Une collègue avait vécu l’expérience des Studios Breakglass la veille. C’était à mon tour! Au menu, le trio Paupière proposait une performance de quatre chansons, juste après la sortie de son premier album complet, À jamais privé de réponses. Les trois artistes semblaient anormalement zen, particulièrement Pierre-Luc Bégin, qui affichait un petit sourire presque en permanence. Avant le début de la perfo, c’est le merveilleux – et très tranquille – chien Maddox qui volait la vedette dans le studio, se couchant entre les curieux venus assister au spectacle intime.
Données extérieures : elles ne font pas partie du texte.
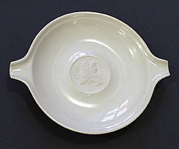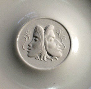 Flach-schalenförmiger, weißer Porzellan-Korpus mit leicht abgesetztem Rand, der für die Zigarrettenablage an zwei gegenüberliegenden Stellen rinnenförmig ausgezogen ist. Im Schalenzentrum befindet sich eine runde, flache Erhöhung, die, medaillonartig, zwei flach reliefierte, nach außen weisende, Rauch ausatmende Gesichter aufweist und - im Gegensatz zum übrigen Ascher - unglasiert ist. Durchmesser ca. 12 cm, Höhe ca. 2,2 cm, geringe Gebrauchsspuren. Unterseitig Markung (nach 1962), Entwurf der Form von Trude Petri (1938), Entwurf der Medaillons von Siegfried Schütz, ebenfalls 1938. Aus dem "Arkadischen Teeservice".

Le spectacle en lui-même était correct dans le contexte, mais on espère énormément que le trio ne repose pas autant sur les playbacks en spectacle, ce qui minerait grandement l’expérience si tout ce qui est joué en vrai sont les voix, les percussions et quelques lignes très simples de synthés.

Une autre performance en studio aurait été très intéressante le même jour : celle des Barr Brothers. Mais, sans surprise, tous les RSVP se sont écoulés très rapidement. Faut dire que, même en studio, ça doit être une sacrée expérience avec ce groupe! (Olivier Dénommée)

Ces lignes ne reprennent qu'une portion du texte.